## REQUIRED WORK
Give the data again exactly as it appears, excluding any pictures.

## DATASET SECTION
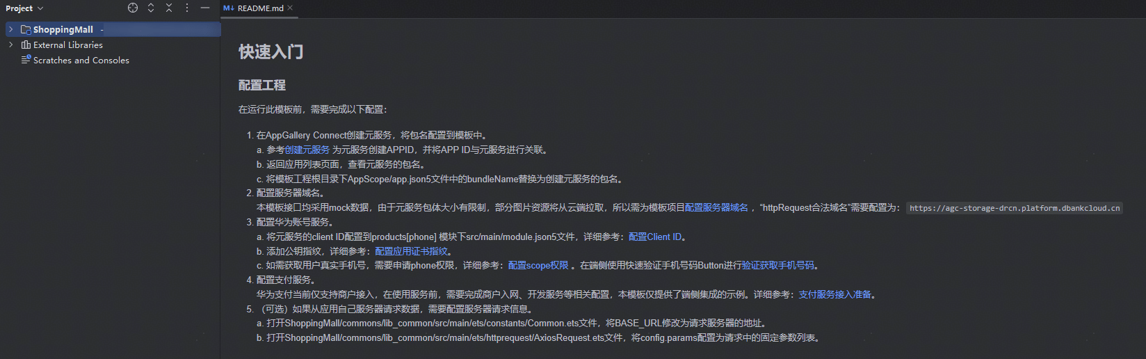 打开模板工程,根据README说明中的快速入门章节,将自己的应用信息配置在模板工程内,即可运行并查看模板效果。
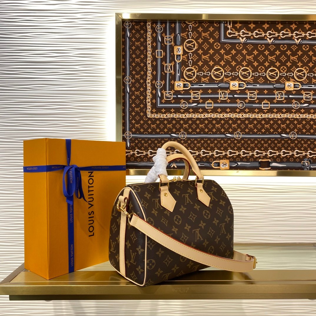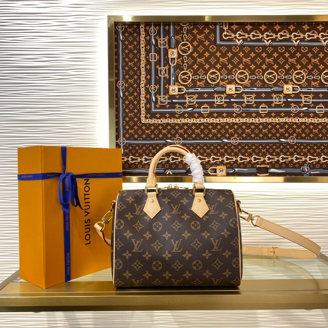 The Speedy Bandoulière 25 in signature Monogram canvas is an ideal city bag for every day. Originally created for travelers in the 1930s – the name refers to the era’s rapid transit – every feature of the Speedy’s design is iconic, from its unmistakable shape to the rolled leather handles, engraved padlock and detachable strap.
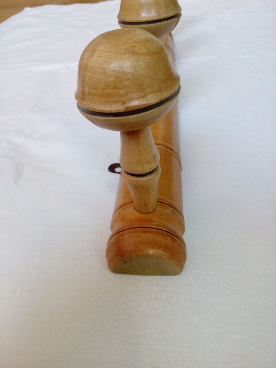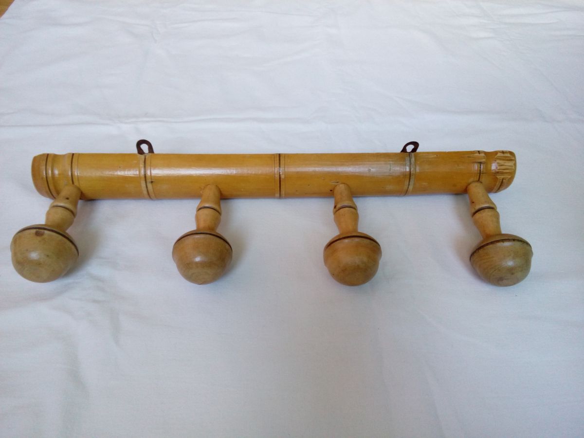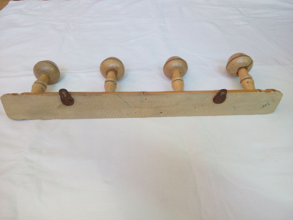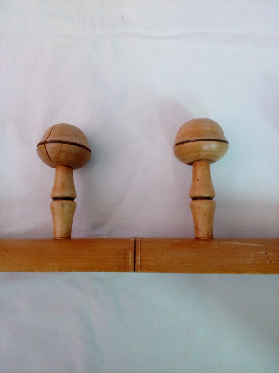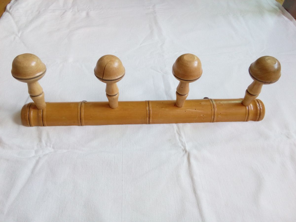 Porte-manteau mural tout en bois massif tourné avec de jolies formes arrondies et des cercles foncés (colorés par brûlure peut-être ) pour un design qui imite l'aspect du bambou. La forme en champignon des patères est particulièrement harmonieuse. Il doit dater des années 50 ou peut-être avant. Il est encore solide, mais ne cache pas son âge : quelques trous anciens de vrillettes que j'ai traité par injection de vinaigre blanc, des marques, taches et éclats. Et une fissure sur l'une des patères, mais ça reste solide, la tête ne bouge pas. Sur les patères, le vernis s'écaillait complètement : je les ai donc poncées légèrement puis j'ai passé une très fine couche de vernis aspect satin (couleur chêne clair) pour les protéger de l'humidité d'un manteau mouillé, tout en évitant le côté brillant qui nuirait à sa jolie patine. Il est muni de ses deux accroches d'origine, en métal, un peu déformées et oxydées mais toujours solides. Il mesure 47 cm de long, pour 5,4 cm de large, et 13,5 cm de profondeur champignons compris, l'épaisseur maximale de la planche est de 3 cm. Ce porte-manteau pèse 575g.
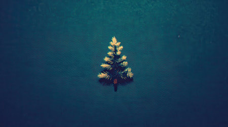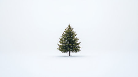 A single, vibrant green evergreen tree, perfectly shaped, stands alone in a vast, untouched expanse of white snow, symbolizing resilience and natural beauty.

## ANSWER TO THIS PROBLEM
 打开模板工程,根据README说明中的快速入门章节,将自己的应用信息配置在模板工程内,即可运行并查看模板效果。
 The Speedy Bandoulière 25 in signature Monogram canvas is an ideal city bag for every day. Originally created for travelers in the 1930s – the name refers to the era’s rapid transit – every feature of the Speedy’s design is iconic, from its unmistakable shape to the rolled leather handles, engraved padlock and detachable strap.
 Porte-manteau mural tout en bois massif tourné avec de jolies formes arrondies et des cercles foncés (colorés par brûlure peut-être ) pour un design qui imite l'aspect du bambou. La forme en champignon des patères est particulièrement harmonieuse. Il doit dater des années 50 ou peut-être avant. Il est encore solide, mais ne cache pas son âge : quelques trous anciens de vrillettes que j'ai traité par injection de vinaigre blanc, des marques, taches et éclats. Et une fissure sur l'une des patères, mais ça reste solide, la tête ne bouge pas. Sur les patères, le vernis s'écaillait complètement : je les ai donc poncées légèrement puis j'ai passé une très fine couche de vernis aspect satin (couleur chêne clair) pour les protéger de l'humidité d'un manteau mouillé, tout en évitant le côté brillant qui nuirait à sa jolie patine. Il est muni de ses deux accroches d'origine, en métal, un peu déformées et oxydées mais toujours solides. Il mesure 47 cm de long, pour 5,4 cm de large, et 13,5 cm de profondeur champignons compris, l'épaisseur maximale de la planche est de 3 cm. Ce porte-manteau pèse 575g.
 A single, vibrant green evergreen tree, perfectly shaped, stands alone in a vast, untouched expanse of white snow, symbolizing resilience and natural beauty.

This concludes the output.